Anger and art, yin and yang

There are two subjects that keep coming up for me and they both have to do with femininity but in very different ways. One is art and the other is anger.

Art in Bristol is everywhere. You walk the streets and another bit of creativity has just popped up opposite a fish and chips shop or a fake moon rises over College Green or men and women sit in a darkened theatre watching short film nominations for the Oscars.

Anger seems to come up whenever women discuss oppression or violence against women. Anger is that last resort of communication when nothing else has worked and destruction is the only way to get your point across. Anger makes you act, escape, respond. It’s full of energy. It can push you out of depression for a moment.

There’s plenty of anger in the ‘feminist’ world. I am qualifying the word feminist because I don’t believe the angry ones represent the movement as such. There are plenty of people out there supporting and promoting women’s rights but anger attracts attention because the media loves a good argument – inflammatory words and rage and everyone making as much noise as possible is perfect for a news machine that needs impact.

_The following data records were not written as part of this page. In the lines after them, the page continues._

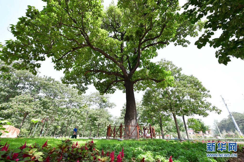 在河南蘭考縣焦裕祿干部學(xué)院門(mén)口,游客從“焦桐”下走過(guò)(2017年8月9日攝)。新華社記者 馮大鵬 攝
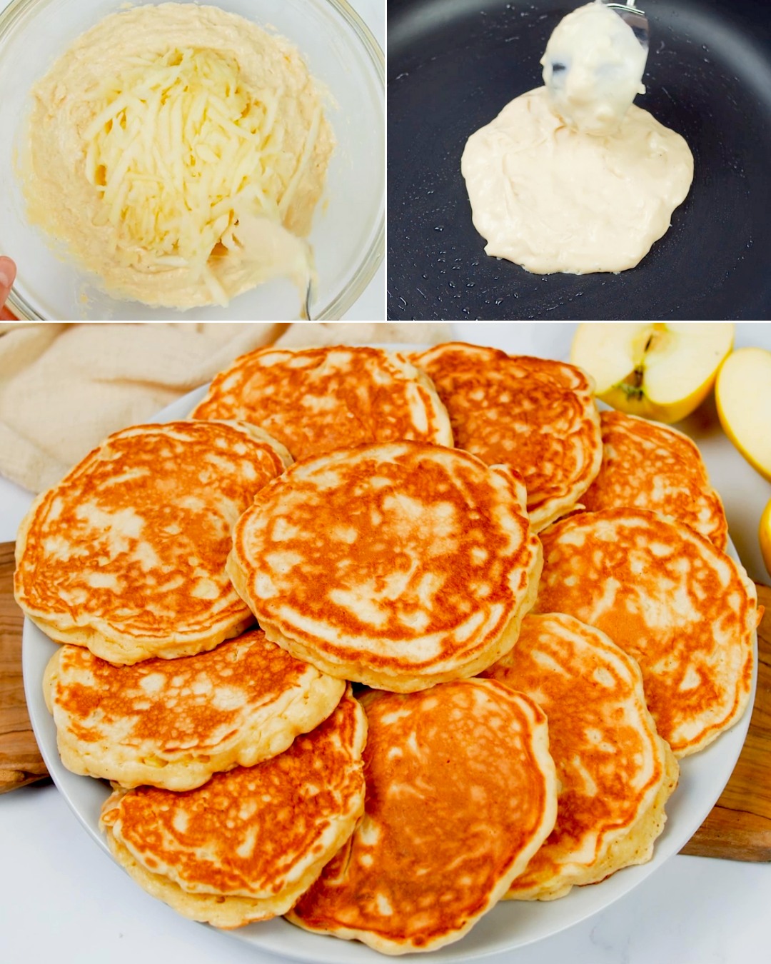 Hier zijn heerlijk luchtige en smaakvolle appelpannenkoekjes, het perfecte ontbijt om je dag te beginnen! Gemaakt met geraspte appels, warme kaneel en een vleugje vanille, deze pannenkoeken zijn een heerlijke variant op de klassieke ontbijtpannenkoek. Elke hap zit vol met de natuurlijke zoetheid van appels, met de zachtheid die je van pannenkoeken verwacht. Of je er nu van geniet op een luie zondagochtend of als een speciale doordeweekse traktatie, ze zijn gemakkelijk te maken (en nog gemakkelijker om te eten!). Waarschijnlijk heb je alle ingrediënten al in huis: appels, kaneel, yoghurt, bloem, suiker en bakpoeder. Maak eenvoudig een pasta, voeg geraspte appel toe en kook in een voorverwarmde pan. Ontbijt gemakkelijk gemaakt!
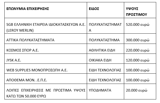 Σύμφωνα με τις διατάξεις του άρθρου 13α του ν. 2251/1994, περί ανακοίνωσης των επωνυμιών των επιχειρήσεων στις οποίες επιβλήθηκε πρόστιμο ύψους μεγαλύτερου από 50.000 ευρώ επιβλήθηκαν τα ακόλουθα πρόστιμα:
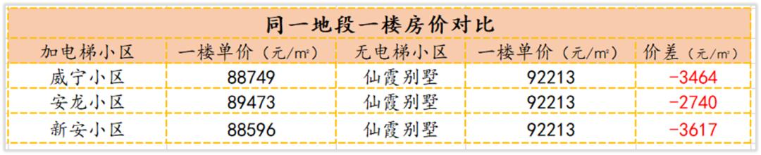 同地段的一楼,加了电梯反而比没有加电梯的小区价格更低,这样一来也就是相对贬值。
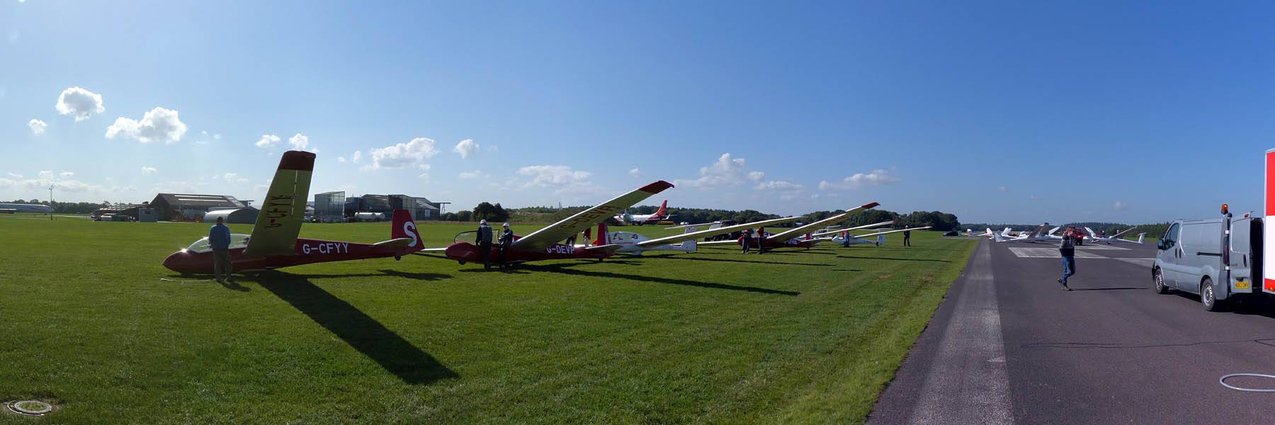 Looking around the launch point before it gets soarable. Discus SH3 is my steed today. | Cumulus starting to pop to the Southeast forming interesting shapes. | A large grid ready to be thrown into the sky as soon as conditions are good enough. | The winch launch queue growing in length as conditions improve. |
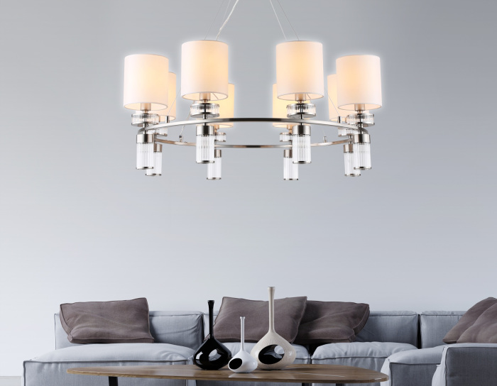Осветительный прибор сделан в стиле Модерн. Применяются лампочки цоколя E14 мощностью 320 Вт, в количестве 8 ед. Цвет модели LH71293: Белый.
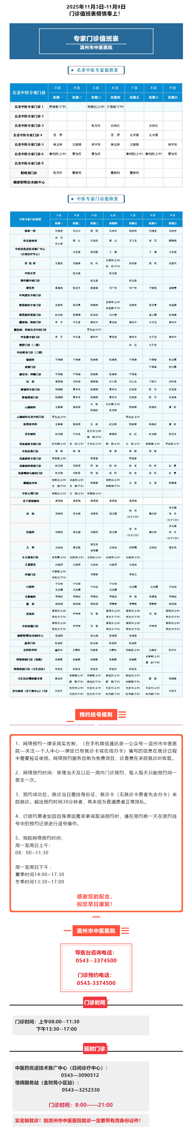 滨州市中医医院(滨州医学院附属中医医院)2025年11月3日-11月9日门诊值班表
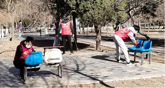 同学们擦洗公共座椅
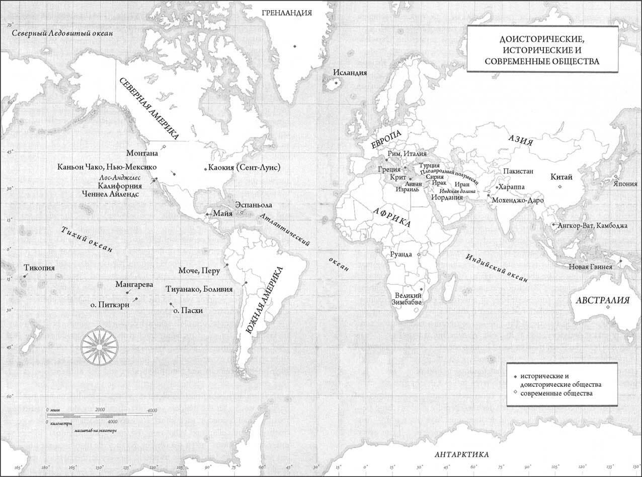 Норвежская Гренландия – всего лишь один из многих примеров, когда общество коллапсировало или погибло, оставив после себя монументальные руины, как в стихотворении Шелли «Озимандия». Под коллапсом я подразумеваю резкое падение численности населения и/или потерю политических, экономических, социальных достижений на значительной территории на продолжительное время. Явление коллапса, таким образом, считается крайней формой длительного процесса упадка, и нужно задаться вопросом, насколько резким должен быть упадок в обществе, чтобы его можно было считать коллапсом. Порой постепенные процессы упадка включают в себя мелкие случайные взлеты и падения и мелкие политические\ экономические\ социальные перестройки, неизбежные для каждого общества. Какое-то государство завоевывается соседом, либо его упадок связан с усилением соседа, при этом состав населения и культура в регионе не меняются. Происходит замена одной правящей элиты на другую. В свете этого чаще всего в качестве коллапсов рассматривают скорее известные примеры, чем мелкие: индейцы анасази и каокийцы в пределах США, города майя в Центральной Америке, цивилизации моче и Тиуанако в Южной Америке, микенская цивилизация в Греции и минойская на Крите в Европе, Великий Зимбабве в Африке, Ангкор-Ват и хараппские города долины Инда в Азии и остров Пасхи в Тихом океане (карта 1).

The ‘feminist’ movement in the media tends to get attention for being angry. They point out injustice and rage against men and other women and keep pointing out how women are victims – constant, constant victims. Suffering abuse and violence and having to fight their way out of this oppression.

No part of me denies that there are problems and that women in the roles they mostly make up (service, caretakers, creative industries, social anything) are disproportionately disadvantaged. It’s not just domestic and other violence against women, which is recently starting to take a prominent place in political agendas around the world, it is also in the destruction brought on by capitalism, by the military industries, the wars brought on by domination of resources, the neglect of the environment and so much more.

But women are more than just victims. They are better educated, they are more likely to enter higher education than men, they are better trained, they drive better, they save better and ultimately they survive better.

But then when everything in the world is involved at some point it must involve everyone else in it as well. The women’s movement can’t be seen in isolation. Any impact on women is spread towards everyone. Women’s anger, which does not rise up in isolation, is directed and absorbed by those around them and those around them tend to be children who go on to pour out the same.

Then there is the other side of the feminine; art. There is a £35 million cut in our local budget in Bristol and yet the beauty keeps growing and spreading and no part of it screams out I am a victim and I will destroy you.

As far as the newspapers and the channels see: the art movement which captures the media’s attention is, like the urban graffiti movement, mostly male. It’s the men that draw on the walls and bring colour to the city and it is the women who are screaming and ranting and unleashing sarcastic tirades in the media.

Can that be right? I don’t see how that can be true in reality. There must be more in real life than what we are seeing in the media. I’m going to keep looking.